Whale talk JavaScript || (OR) solution

hello, everybody.
i have a question.
i have finished the exercise with a else…if statement but codecademy suggest to do it with an OR operator in the if condition.
i started doing it out of curiosity but i dont know ho to finish the condition.
would be really happy if someone has an explanation.

const vowels =["a","e","i","o","u"];

const resultArray=[];

for(let i=0; i< input.length; i++){
  //console.log(input[i]);
 for( let j = 0; j < vowels.length; j++){
  // console.log(vowels[j])
  if(input[i]===vowels[j]){
   /* if( input[i]=== 'e'){
      resultArray.push('ee');
    }else if (input[i]=== 'u'){
      resultArray.push('uu')
      }else{
      resultArray.push(input[i]);
    }*/
    
    if(input[i]==='e'|| input[i] ==='u'){
  resultArray.push(input[i])
}else{
  resultArray.push(input[i])
}

  }
 }
}
console.log(resultArray.join('').toUpperCase());

Hello,

Since all vowels need to be on the array at least once you could do something else like this in your inner loop:

if (character is a vowel) {
  push the character to the result array
  if (the character is 'e' OR the character is 'u') {
    push the character to the result array again
  }
}

Obviously this isn’t working code, just trying to explain the logic of a possible solution. This would let you eliminate the else you currently have. A key part of this solution is to push the character you’re working with instead of hardcoding specific values. Once you know it’s a vowel, then you can use input[i] as the value to push.

I think this is the code block you are referring to? This is what I did and it works splendidly.

  if (input[i] === 'e' || input[i] === 'u') {
    resultArray.push(input[i]);
  }

yes, but i dont understand the logic. how are you telling the code to double this two vowels with the OR operator???
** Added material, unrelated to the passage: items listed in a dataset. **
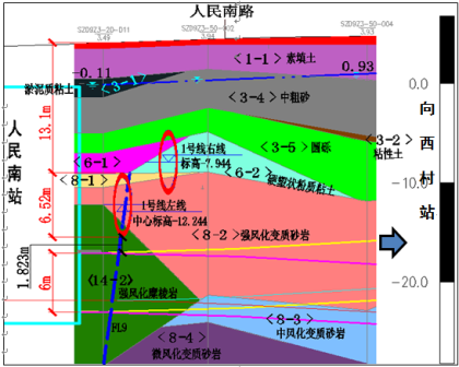 地铁9号线与1号线地质图 隧道公司深圳地铁9104-2标左线“信和二号”盾构机于2014年12月4日破除人民南车站东端头连续墙后,经过3天的艰苦掘进,紧随右线步伐,于2014年12月7日再一次成功下穿深圳地铁1号线。这是全体深圳“地铁人”努力奋斗的结果,亦是中建五局在地铁领域的又一次重大突破。 深圳地铁1号线是深圳市目前正在运营的地铁线路,是深圳市主要交通线路,列车运行频率高,人流量大。深圳地铁9号线人民南站~向西村站区间线路中,盾构机出人民南东端头后即下穿地铁1号线(罗湖站~国贸站)盾构隧道。距离人民南站东端头最近处10.3m。地表为人民南路与春风路交汇处,交通繁忙,车流量大。盾构下穿时距离地铁1号线最小净距1.823m,隧道间距较小,下穿地层为强风化变质砂岩、强风化糜棱岩,地质条件极差,对盾构施工要求极高。 下穿地铁1号线具有“始发即穿越、穿越净距短、地质极复杂、控制标准高”四大难题。为确保顺利下穿,深圳地铁9104-2标具体定制“精心策划、紧密组织、充分准备、适时调整、积极抢险”五项下穿战略措施。可以说,成功下穿地铁1号线是深圳地铁9104-2标经过充分准备的必然结果。 在成功穿越深圳地铁1号线之后,“信和二号”盾构机将进入更加复杂的地层掘进,更大的困难等着我们去挑战。漫漫征程已经过半,面对切削春风高架桥桥桩、重叠隧道施工、右线常规接收、左线叠线接收以及盾构机吊拆等难题,我们将继续发扬深圳“盾构人”的艰苦探索,勇敢奋斗的精神,用我们的实力和汗水去征服深圳这片土地! (文/隧道公司深圳地铁项目:张群群)
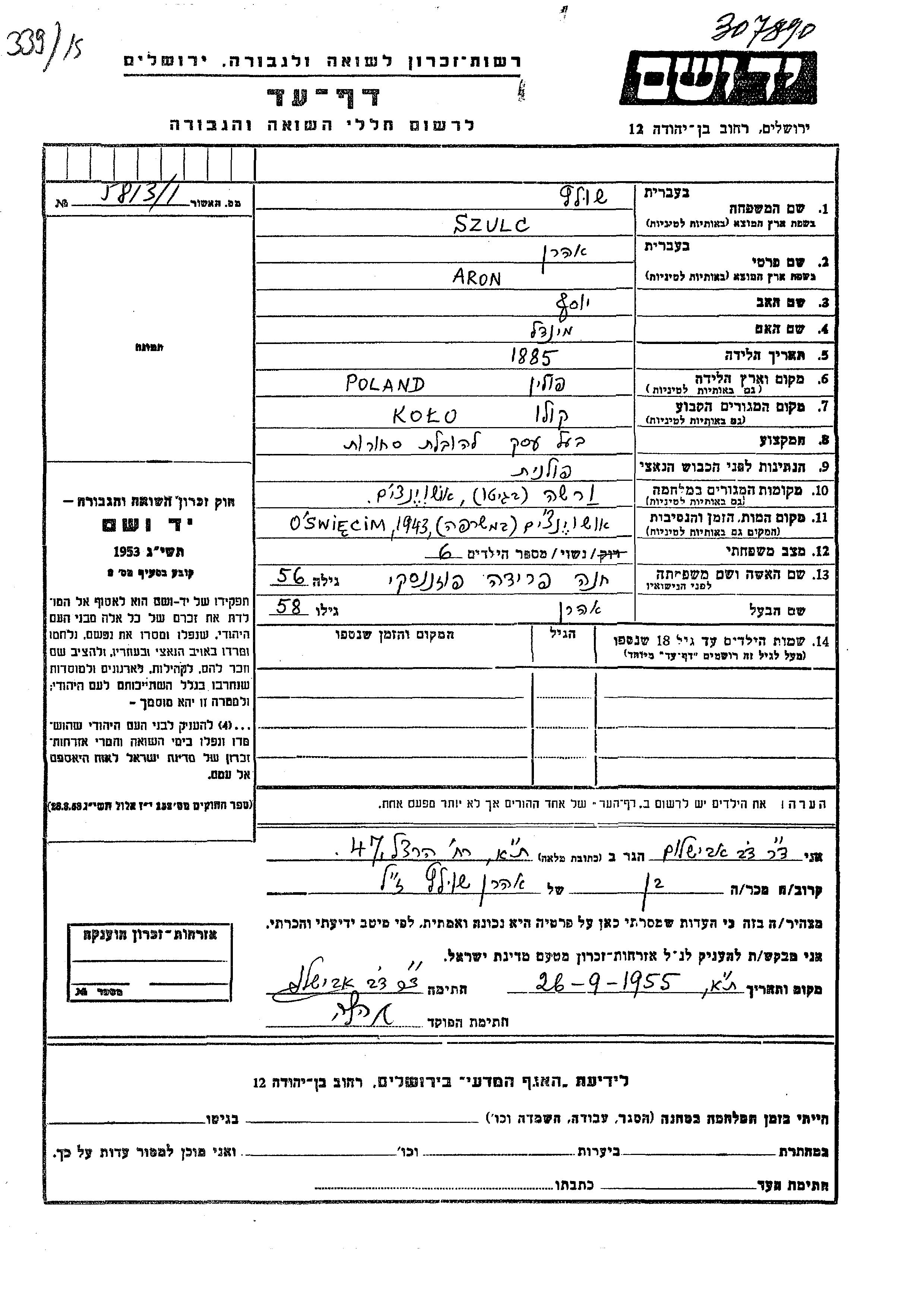 יד ושם - המפעל להנצחת השמות בדפי עד
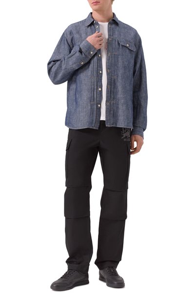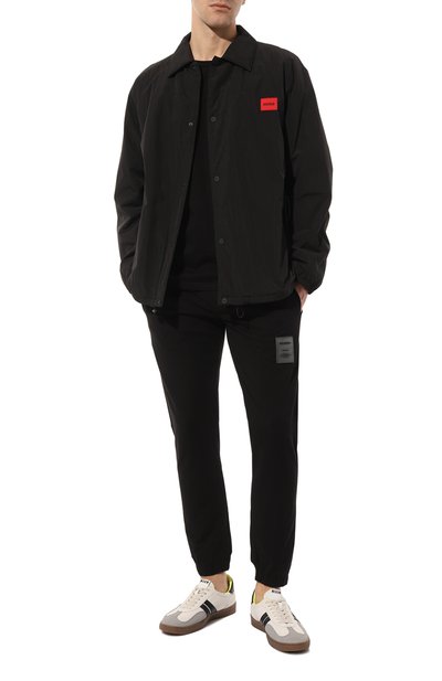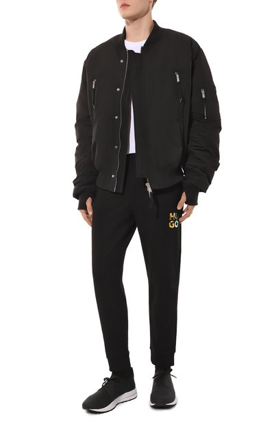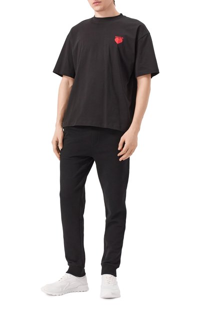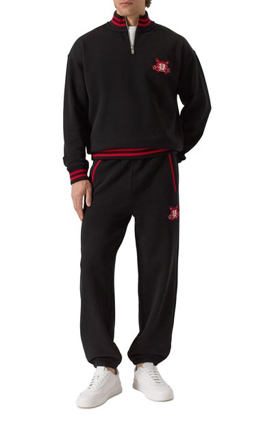 Эти черные джоггеры с эластичным поясом-кулиской и двумя карманами станут комфортной основой повседневного образа. Для пошива модели использовали приятный телу хлопковый трикотаж френч терри, который отлично пропускает воздух и слегка тянется, не сковывая движения. Принадлежность бренду обозначили крупным красным принтом-логотипом на брючине.
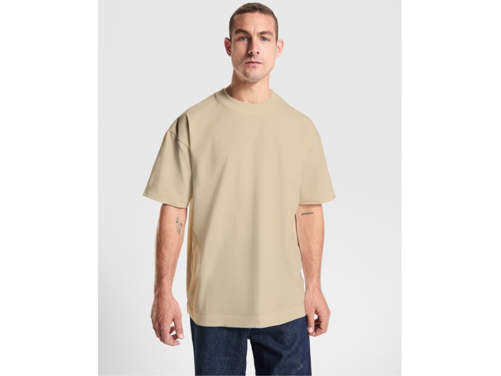 Tričko s krátkým rukávem v nadměrné velikosti. Široký kulatý výstřih s žebrováním 2x1. Podlepený výstřih ze stejného materiálu. Široké dvojité prošití na lemu a rukávech.Doplňkové parametry
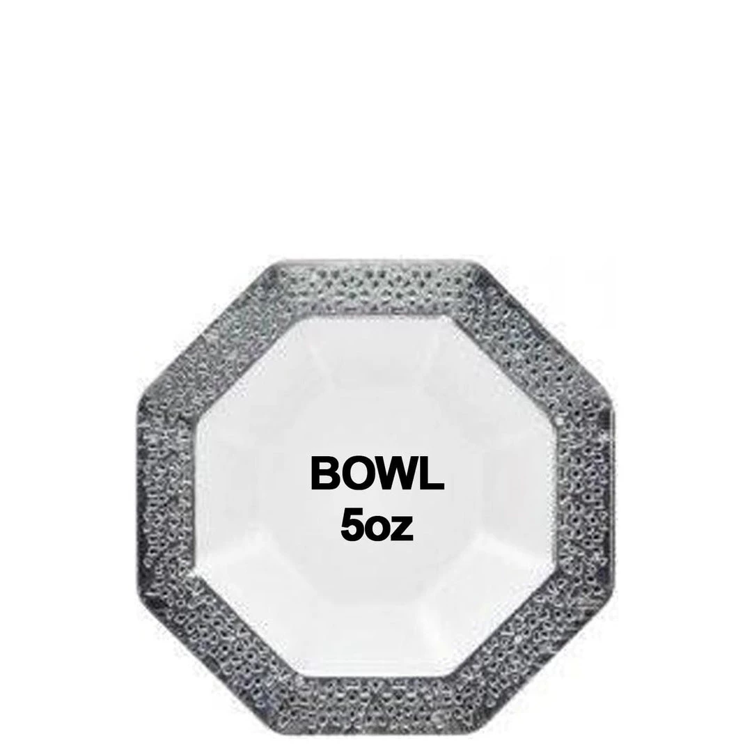 Lillian Table settings White Lacetagon 5-Ounce Bowl with Silver Rim, 10 Count. This item coordinates with our other items: Plates, Bowls, Cups, Napkins, Cutlery & Table covers. Disposable. Designed for all occasions, banquets, dinners, parties, upscale catering and home.
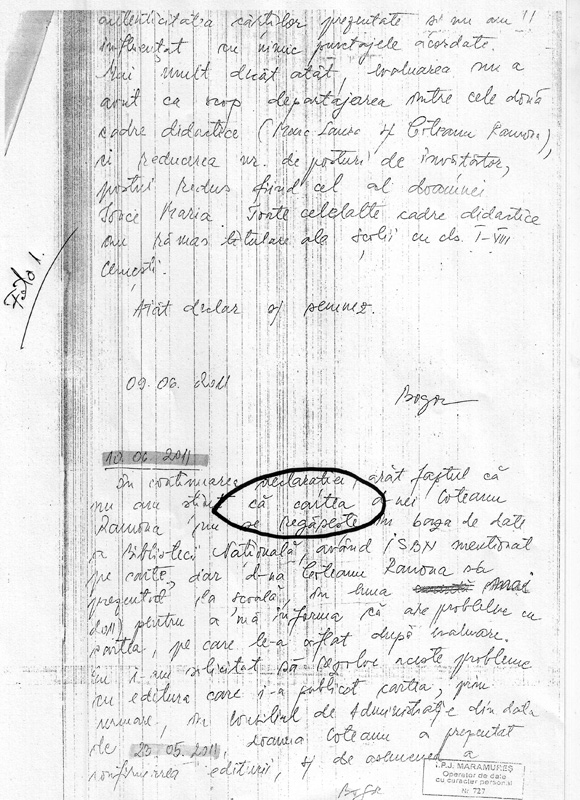 Pentru examenul de grad, Claudia Coteanu avea nevoie să obţină un punctaj cât mai mare, iar acest lucru era posibil dacă doamna învăţătoare ar fi avut publicate şi niscaiva cărţi. Cum nu exista nicio carte publicată, iar să scrii o carte nu este chiar uşor, Coteanu s-a gândit să apeleze la mai vechile ei cunoştinţe (nu didactice desigur) şi să înregistreze la învăţământ o carte care nu exista în realitate înregistrată le Biblioteca Naţională neavând în consecinţă număr ISBN (foto 2).
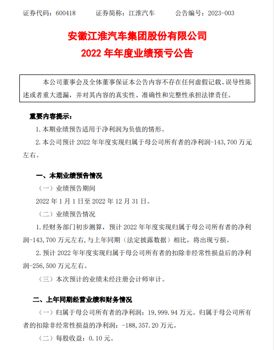 江淮汽车虽然左拥大众,右抱蔚来,但是市场表现却不乐观。由于国内商用车市场惨淡,江淮在2022年依旧亏损。据江淮汽车发布2022年年度业绩预亏公告显示:预计2022年年度实现归属于母公司所有者的净利润亏损14.37亿元,而上年同期净利润约2亿元。2022年年度销售各类汽车及底盘50.04万辆,同比下降4.54%,主营业务毛利较上年同期减少约2.95亿元。对于2022年业绩预亏,江淮汽车表示主要原因是受疫情和芯片短缺影响。
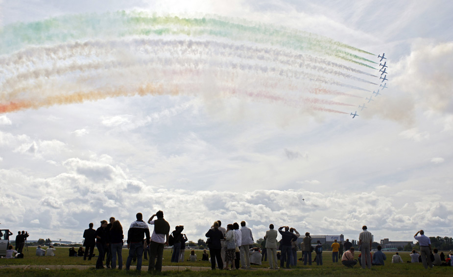 圖為觀眾在觀看意大利空軍“三色箭”飛行隊(duì)精彩的特技飛行表演。
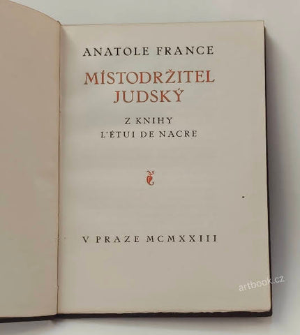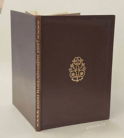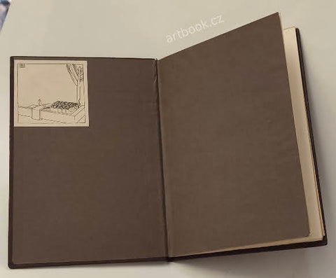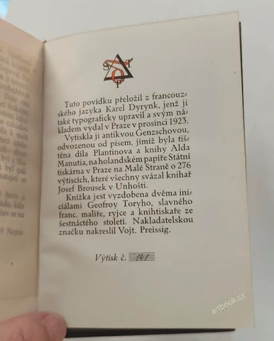 Kožená vazba JOSEF BROUSEK. - Praha; Dyrynk; 1923. Přeložil Karel Dyrynk. 31 s.; typograficky upravil KAREL DYRYNK; nakl. značka VOJTĚCH PREISSIG; dvě iniciály GEOFROY TORY; dvoubarevný tisk; 276 ex. na holandském papíře vytiskla Genzschovou antikvou Státní tiskárna v Praze. Ručně čísl. výtisk 141. Na předním přídeští Dyrynkovo exlibris od Vojtěcha Preissiga. Do celokožené vazby svázal JOSEF BROUSEK v Unhošti; zlaté ořízky. 162x117 Krásný stav!
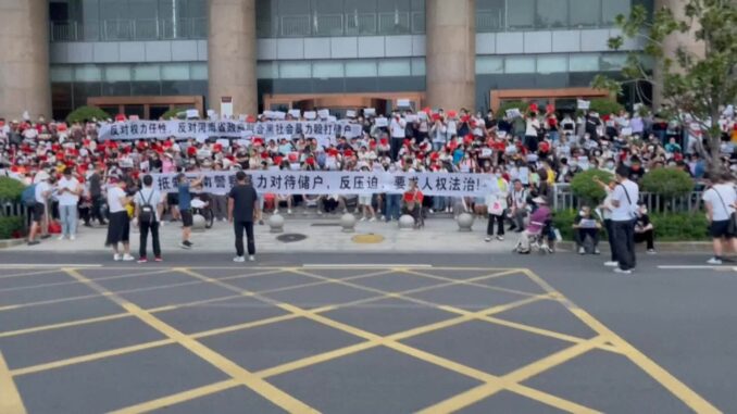 Đám đông sáng 10/7 xếp hàng trước cửa chi nhánh Ngân hàng Nhân dân Trung Quốc tại thành phố Trịnh Châu, tỉnh Hà Nam, miền trung nước này, cầm theo biểu ngữ “Ngân hàng ở Hà Nam, mau trả tiền cho chúng tôi”, “Thủ tướng Lý Khắc Cường, xin hãy điều tra Hà Nam”.

you don’t. There are two possible ways to go about this:

always add the vowel to resultArray, then check if vowel is e or u, if so, push the vowel again. This is the flow illustrated by @selectall:

 if (character is a vowel) {
  push the character to the result array
  if (the character is 'e' OR the character is 'u') {
    push the character to the result array again
  }
}

the other flow is to use if/else like you currently do:

if(input[i]==='e'|| input[i] ==='u'){
  resultArray.push(input[i])
} else {
  resultArray.push(input[i])
}

but then you would need to push twice within the if clause.